A person invested some money at 12% simple interest and some other amount at 10% simple interest. He received yearly interest of ₹1300. If he had interchanged the amounts, he would have received ₹40 more as yearly interest. How much did he invest at different rates?

Let the amount invested at 12% S.I. be ₹x and at 10% S.I. be ₹y.

According to first condition,

$\Rightarrow \dfrac{12}{100} \times x + \dfrac{10}{100} \times y = 1300 \\[1em] \Rightarrow \dfrac{12x + 10y}{100} = 1300 \\[1em] \Rightarrow 12x + 10y = 130000 \\[1em] \Rightarrow 6x + 5y = 65000 …..(i)$

Now, let the amount invested at 12% S.I. be ₹y and at 10% S.I. be ₹x.

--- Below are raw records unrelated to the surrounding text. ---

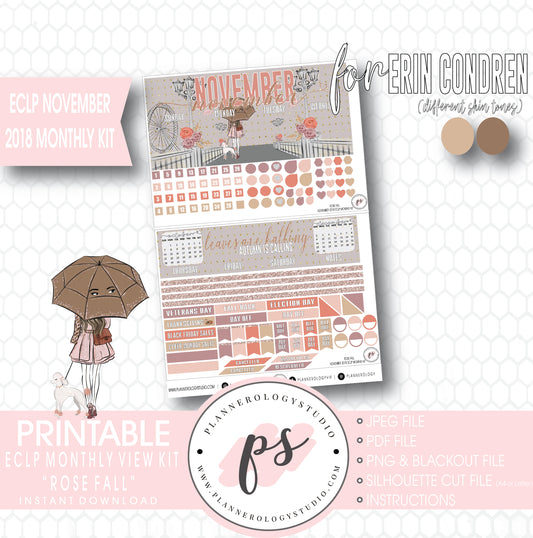 Rose Fall November 2018 Monthly View Kit Digital Printable Planner Stickers (for Standard A5 Wide Monthly 1.6" Width Date Boxes)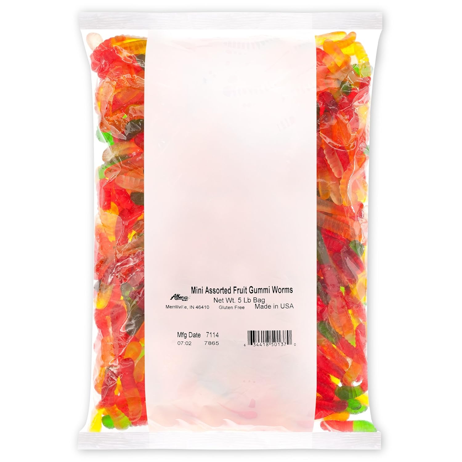 - Mini Gummi Worms: Taste the difference of fresh fruit flavors and a deliciously soft chew you won't find with other gummy worms; Each 5 pound bulk bag includes 5 delicious fruit flavors and makes the perfect snack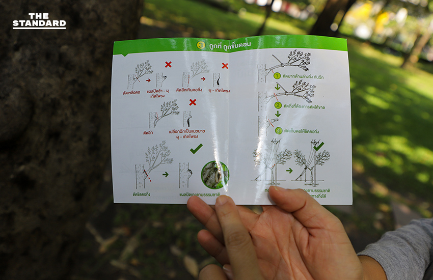 คนดูแลโดยตรงคือ กทม. ซึ่งส่วนใหญ่ก็แบ่งเป็นแต่ละเขต สิ่งที่เราพยายามทำคือ ทุกปีเราจะพยายามเอาเจ้าหน้าที่ของ กทม. มาฝึกด้วยกัน มีหลักสูตรอบรมที่ช่วยกันจัด ซึ่งแทบไม่ได้ใช้งบของ กทม. เลย เราก็หาสปอนเซอร์ข้างนอกมาช่วยกันดูแลค่าใช้จ่ายต่างๆ ถ้ามีโอกาสก็ไปติดตามผลบ้าง แต่ข้อสำคัญคือ ถ้าเรามีประกาศข้อกำหนดการดูแลต้นไม้ขึ้นมาแล้วผู้บริหาร กทม. ประกาศจริงจัง แล้วตอนนี้ กทม. กับเราก็ร่วมกันไปตั้งองค์กรหนึ่งชื่อว่า สมาคมรุกขกรรมไทย เป็นสมาคมวิชาชีพเรื่องอาชีพดูแลต้นไม้เป็นแห่งแรกของไทย มีจัดสอบเพื่อออกใบประกาศให้คนที่เป็นรุกขกรอาชีพ กทม. มีแล้วนะคะ คนแรกของประวัติศาสตร์ กทม. เลย ซึ่งเดี๋ยวเขาจะไปรับใบประกาศในงานนี้ (ยิ้ม) ฉะนั้น มันจึงเป็นประวัติศาสตร์ยุคใหม่ของ กทม. จากที่คุยกันไม่รู้เรื่อง ฉันจะตัดต้นไม้แบบนี้ ก็กลายเป็นว่าส่งเจ้าหน้าที่มาสอบ แล้วหวังว่าน้องคนนี้จะกลายเป็นครูฝึกให้คนอื่นใน กทม. ด้วยนะ เราก็เห็นว่าเขาพิถีพิถัน ใช้ความรู้ และทำด้วยใจรัก ซึ่งนี่แหละเป็นความเปลี่ยนแปลงที่น่าขนลุกว่าเห็นผลอยู่ในระดับหนึ่ง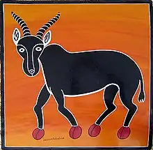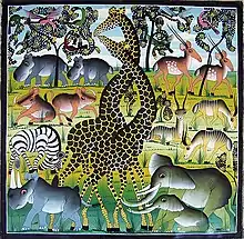 On trouve encore plus fréquemment des représentations animales - assez souvent dans des scènes calmes - qui sont incrustées dans des paysages tanzaniens ou imaginaires. Parfois, les animaux peuvent être affectés à la fois à des domaines de la vie apparemment réels et symboliques. Les parties du visage des animaux représentés rappellent souvent le langage formel des masques et intègrent ainsi la peinture dans une tradition culturelle ancienne.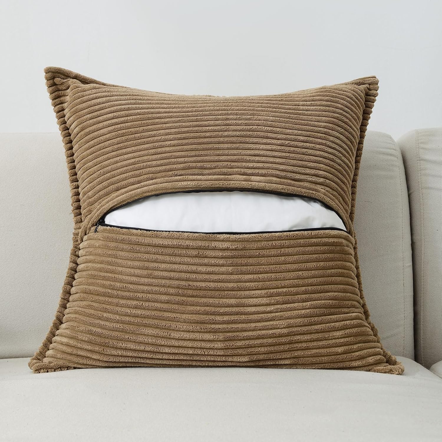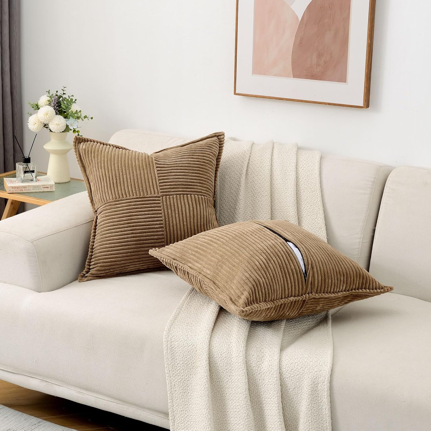 HAUSSY Juego de 2 fundas de almohada marrones de 18 x 18 pulgadas, pana suave y sólida a rayas/borde ancho, fundas de cojín cuadradas decorativas

According to second condition,

$\Rightarrow \dfrac{12}{100}y + \dfrac{10}{100}x = 1340 \\[1em] \Rightarrow \dfrac{12y + 10x}{100} = 1340 \\[1em] \Rightarrow 12y + 10x = 134000 \\[1em] \Rightarrow 6y + 5x = 67000 ……(ii)$

Multiplying (i) by 6 and (ii) by 5, we have

⇒ 36x + 30y = 390000 …….(iii)

⇒ 30y + 25x = 335000 …….(iv)

Subtracting eq. (iv) from (iii) we get,

⇒ (36x + 30y) - (30y + 25x) = 390000 - 335000

⇒ 36x - 25x + 30y - 30y = 55000

⇒ 11x = 55000

⇒ x = 5000.

On substituting the value of x in (i) we get,

⇒ 6(5000) + 5y = 65000

⇒ 30000 + 5y = 65000

⇒ 5y = 65000 - 30000

⇒ 5y = 35000

⇒ y = 7000.

Hence, the investment at 12% is ₹5000 and the investment at 10% is ₹7000.